Standard error on subsample

26 Views Asked by At

Suppose that I know that $N$ samples $(x_1, x_2,...,x_N)$ are iid drawn from a distribution with known variance $\sigma^2$. I also observe the first $k<<N$ samples, and estimate the mean on these $k$ samples. How 'good' is the mean, i.e. what variance / standard error does my estimate have?

My approach is as follows. Denote the mean I estimated on the first $k$ samples by $\mu_k$. Since I know that there where $N$ samples, I know that my mean on the full set of observations would be $$\bar{x} = \frac{1}{N} \sum_{i=1}^N x_i = \frac{1}{N} \left(k \mu_k + \sum_{j=k+1}^N x_i \right).$

I can then write the change in my mean estimate as $$ \mu_k - \bar{x} = \frac{N \mu_k - k \mu_k - \sum_{j=k+1}^N x_i}{N} = \frac{N-k}{N} \mu_k - \frac{1}{N} \sum_{j=k+1}^N x_i$$ and the variance is $$ Var(\mu_k - \bar{x}) = \frac{N-k}{N^2} \cdot \sigma^2,$$ where I used that the estimated mean $\mu_k$ is known already.

What I find puzzling about this result (assuming that it is correct) is the following: If I fix $k$—the number of samples I use out of $N$—then the expected variance is decreasing in $N$. But shouldn't my uncertainty about the estimated mean be increasing in the samples that I have not seen yet ($N-k$)?

1

There are 1 best solutions below

0
On BEST ANSWER

I would do this with slightly different notation, saving $\mu$ for the mean of the population distribution and capital letters for random variables. Let $\bar x_k$ be the observed mean of the $k$ samples and $\bar X_n$ the unknown mean of the $n$ samples, and so $\bar X_{n-k}$ for mean of the unseen values with $\bar X_n = \frac kn \bar x_k +\frac{n-k}{n} \bar X_{n-k}$ and so $\bar x_k - \bar X_n =\frac{n-k}{n} \bar x_{k}-\frac{n-k}{n} \bar X_{n-k}$. The variance of $\bar X_{n-k}$ is $\frac{\sigma^2}{n-k}$ so the variances of $\frac{n-k}{n} \bar X_{n-k}$ and of $\bar x_k - \bar X_n $ given the value of $\bar x_k$ are both $\frac{n-k}{n^2}{\sigma^2}$. So I agree with your result.
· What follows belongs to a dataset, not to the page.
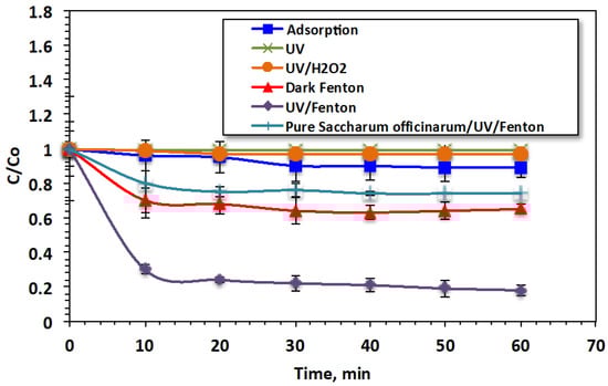 The data presented in Figure 4 indicate that the adsorption system had the lowest removal efficiency. The photo-oxidation system under UV illumination was more effective than the dark oxidation system. The data reveal that using Saccharum officinarum alone for treatment led to the removal of only 11% of the Bismarck Brown dye after 60 min of contact time. However, when Fenton’s reagent was added in the dark, the removal efficiency increased to 35%. When H2O2 was added to the wastewater under UV illumination, the removal efficiency increased significantly, to 82%, demonstrating the effectiveness of the Fenton oxidation reaction. The ˙OH radicals generated during treatment with Fenton’s were sufficient for attacking the dye molecules and converting them into harmless end products (CO2 and H2O). UV illumination in combination with Fenton’s reagent demonstrated a pronounced removal effect, possibly due to the additional reaction intermediates, ˙OH radicals, generated by the UV illumination. These findings agree with previous studies mentioned in the literature []. Furthermore, to verify the role of Saccharum officinarum, treatment using UV/H2O2 at a dose of H2O2 of 400 mg/L is carried out. According to the experimental data, only 3% of the dye is oxidized by using the solo hydrogen peroxide system. The data confirm the role of Saccharum officinarum and the effectiveness of Fenton’s reaction. This means that the production of ·OH radicals is limited compared to those generated from Fenton’s reaction. Furthermore, solo UV irradiance is applied, which removes only 1% of the dye. However, no Fenton’s reaction occurred in the case of the unmodified Saccharum officinarum since the oxidation efficiency is lower than that of UV/H2O2 treatment (only 26%). This treatment effect could be due to the hydrogen peroxide and UV, which are the main factors responsible for oxidation. However, the presence of untreated Saccharum officinarum renders the reaction since it is shadowing the UV light instead of leading to Fenton’s reaction. These results agree with the previous findings of Samet et al. [] in treating insecticide-containing wastewater through Fenton’s system.

This is decreasing as $n$ increases for $n>2k$ as you say, though increasing when $k < n < 2k$.

This is what you might reasonably expect:

  • $\mathbb E\left[\bar x_k - \bar X_n\right] = \frac{n-k}{n} (\bar x_{k}- \mu)$. It is generally not zero, and (given $\bar x_k$) in absolute terms it is increasing in $n$.

  • When $n$ is close to $k$, $\bar X_n$ is close to $\bar x_{k}$ because most of $\bar X_n$ is determined by $\bar x_{k}$, and the variance of $\bar x_k - \bar X_n $ is low.

  • When $n$ is large, and much larger than $k$, then $\bar X_n$ is likely to be closer to $\mu$ than it is to $\bar x_{k}$ and the variance of $\bar x_k - \bar X_n $ is low $($a little less than $\frac{\sigma^2}{n})$ and falling as $n$ increases, as is usual with ever larger sample sizes. This does not mean that $\bar x_k$ is an increasingly accurate estimate of $\bar X_n$ as $n$ increases: it is usually worse because $\mathbb E\left[\bar x_k - \bar X_n\right]$ is increasing in magnitude as $n$ increases, heading towards $\bar x_k -\mu$.

In a sense this is a variant of the bias-variance tradeoff. You could combine these results and look at the expected square of the error $\mathbb E\left[(\bar x_k - \bar X_n)^2\right] $ $= \left(\frac{n-k}{n}\right)^2(\bar x_{k}-\mu)^2 +\frac{n-k}{n^2}{\sigma^2}$ which is not necessarily monotonic in $n$ but if $\bar x_{k}\not =\mu$ then the left-hand term will eventually dominate and the sum head towards $(\bar x_{k}-\mu)^2$.